Kampanye kali ini berkolaborasi dengan Gardu House yang merupakan studio kreatif dan firma manajemen artis yang berbasis di Jakarta. Dalam kolaborasi ini inDrive bersama Gardu House menciptakan beragam karya seni mural yang terletak di jantung kota Jakarta, tepatnya di Terowongan Kendal, Jakarta Pusat.

Di inDrive menerapkan prinsip ‘People Driven’ atau sistem yang digerakan oleh masyarakat. Perusahaan menawarkan apa yang dibutuhkan para pengguna, yakni #SentuhanManusia dan kebebasan untuk memilih. “Melalui kolaborasi yang kami lakukan dengan Gardu House, kami berharap untuk dapat mengingatkan kembali kepada masyarakat bahwa mereka dapat terbebas dari belenggu algoritma untuk membuat keputusan mereka sendiri. Kami senang kolaborasi ini karena para seniman yang kami dukung dapat menyampaikan pesan kreatif secara jelas dan melalui talenta dan karya seni mural yang hebat ini,” kata Adrian Ho, Creative Team Lead inDrive APAC.

InDrive telah beroperasi di Indonesia sejak 2019 dan hadir di 50 kota. Selain menawarkan beragam kemudahan dan kenyamanan bagi para pengguna dan pengemudi transportasi online, inDrive menggunakan model peer-to-peer yang adil dan transparan dimana setiap konsumen yang menggunakan jasa inDrive dapat memilih layanan berdasarkan harga, peringkat pengemudi, waktu penjemputan, dan model kendaraan sesuai dengan yang mereka inginkan, bahkan pengemudi dan penumpang dapat bernegosiasi langsung dan menyepakati harga yang wajar. Oleh karena itu, inisiatif ini dibuat untuk mendukung kembalinya interaksi #SentuhanManusia serta kesetaraan bagi para pengemudi dan konsumen.

Untuk memastikan keselamatan pengguna, inDrive menyediakan berbagai fitur keamanan, seperti fitur bagikan perjalanan, dimana pengguna dapat membagikan lokasi GPS, dan informasi perjalanan dari aplikasi secara real-time, serta tombol keselamatan yang dapat menghubungkan pengguna dengan pihak berwenang secara langsung jika terjadi keadaan darurat.
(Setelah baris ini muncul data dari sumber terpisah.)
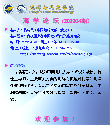 【学术会议通知】逼喱逼喱 “海学论坛”(202204期)

“Gardu House mengundang 6 orang artis visual dengan ragam style yang secara signifikan berbeda untuk mewujudkan tema #SentuhanManusia menjadi visual dan cerita yang mengajak warga untuk berinteraksi langsung terhadap karya muralnya. Enam seni visual dari Koma, Ezhafad, Yessiow, Cord5, Wacky, dan Ochigvra adalah bentuk ekspresi terhadap kebebasan memilih tanpa terbelenggu oleh algoritma yang sejalan dengan misi inDrive di Indonesia. Sebuah kebanggaan untuk bisa terlibat dan menempatkan karya kita ini di underpass Kendal yang merupakan salah satu spot paling sibuk di Jakarta,” ungkap Bima Chris, Art Director, Gardu House.

Sebagai informasi, layanannya inDrive telah tersedia di lebih dari 700 kota yang tersebar di 47 negara di seluruh dunia. Aplikasi ini telah diunduh lebih dari 150 juta kali. InDrive, sebelumnya inDriver, telah berkembang jauh melampaui berbagi perjalanan menjadi pasar layanan termasuk transportasi antar kota, pengangkutan barang (kargo), layanan domestik, pencarian pekerjaan, dan pengiriman. Perusahaan akan terus memperluas dan mendiversifikasi layanan yang ditawarkan.